Architecture setting:
In this problem, you should use two stage Saab transforms where the spatial size of the transform
kernels is 4×4. The stride of each stage is 4 (non-overlapping). Thus, at the output, the dimension of
your Saab coefficients of an image should be 2x2xN, where N is the number of transform kernel in the
second stage. You need to evaluate on four different settings (different kernel numbers of each stage)
and discuss your results.
EE 569 Digital Image Processing: Homework #6
Professor C.-C. Jay Kuo Page 2 of 2
Figure 1
3) Handwritten digits recognition using ensembles of feedforward design (50%)
In this problem, you will apply an FF-CNN to solve handwritten digits recognition. Train an FF-CNN
using the 60,000 training images from the MNIST dataset. Adopt the LeNet-5-like architecture where
the filter numbers of the first- and the second-conv layers and the first- and the second-FC layers are 6,
16, 120 and 80, respectively. The spatial size of the transform kernels is 5×5 and the stride is 1 for each
conv layer. To reduce the spatial dimension, max-pooling layer is adopted.

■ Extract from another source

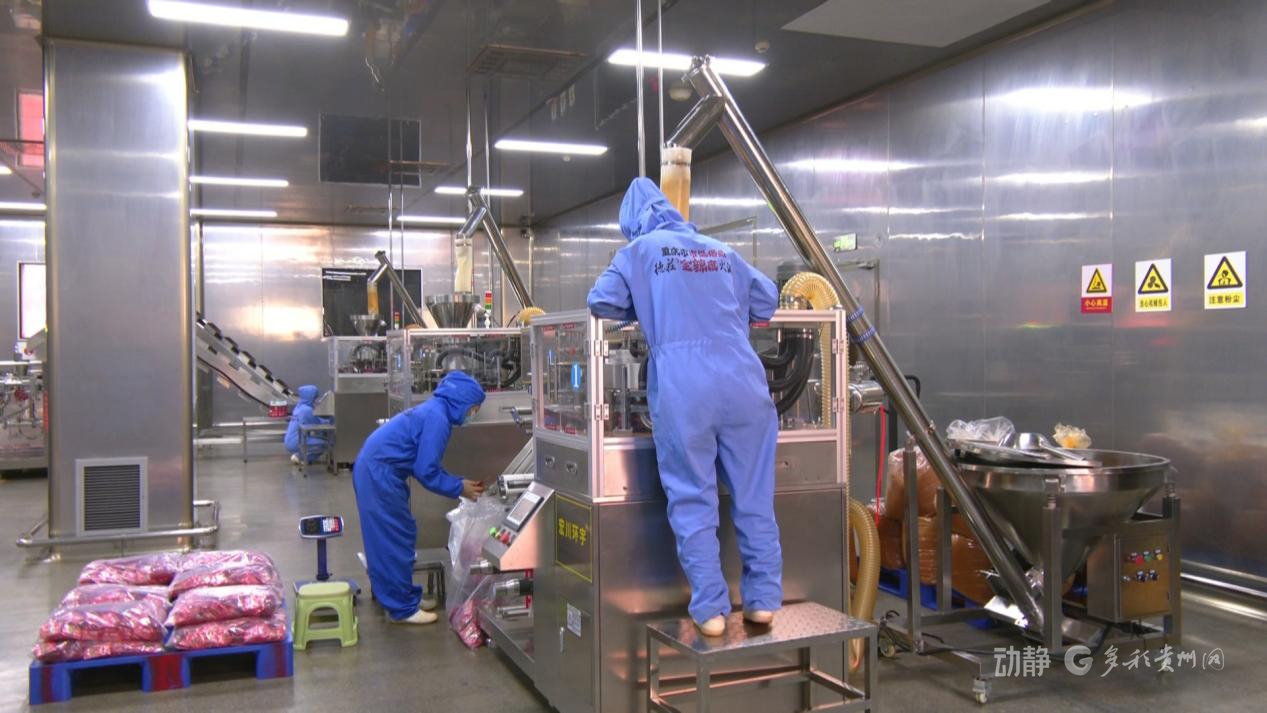 遵义德庄食品产业有限责任公司生产主管张羽说:“员工直接上料以后,通过设备的参数以及一些传送带,就直接可以做成产品,现在辣椒面车间每日产量是在1吨左右。”

• Report the training and testing classification accuracy for individual FF-CNN on the MNIST
dataset.
• One way to improve the performance is building the ensemble systems of FF-CNNs. Train ten
different FF-CNNs and ensemble their results following the method in [4]. Diversity is the key to
have successful ensembles, and paper [4] introduces three strategies to increase diversities in an
ensemble of FF-CNNs which you can refer to. Explain and justify your strategies to generate
various FF-CNNs in an ensemble and report the training and testing classification accuracy of
your ensemble system.
• Error analysis: Please compare classification error cases arising from BP-CNNs (use best result
in your HW#5) and FF-CNNs. What percentages of errors are the same? What percentages are
different? Please give explanations to your observations. Also, please propose ideas to improve
BP-CNNs, FF-CNNs or both and justify your proposal. There is no need to implement your
proposed ideas.
References
[1][ Kuo, C. C. J., Zhang, M., Li, S., Duan, J., & Chen, Y. (2019). Interpretable convolutional neural networks via
feedforward design. Journal of Visual Communication and Image Representation.
[2][MNIST] http://yann.lecun.com/exdb/mnist/
[3] https://github.com/davidsonic/Interpretable_CNN
[4] Chen, Y., Yang, Y., Wang, W., & Kuo, C. C. J. (2019). Ensembles of feedforward-designed convolutional
neural networks. arXiv preprint arXiv:1901.02154.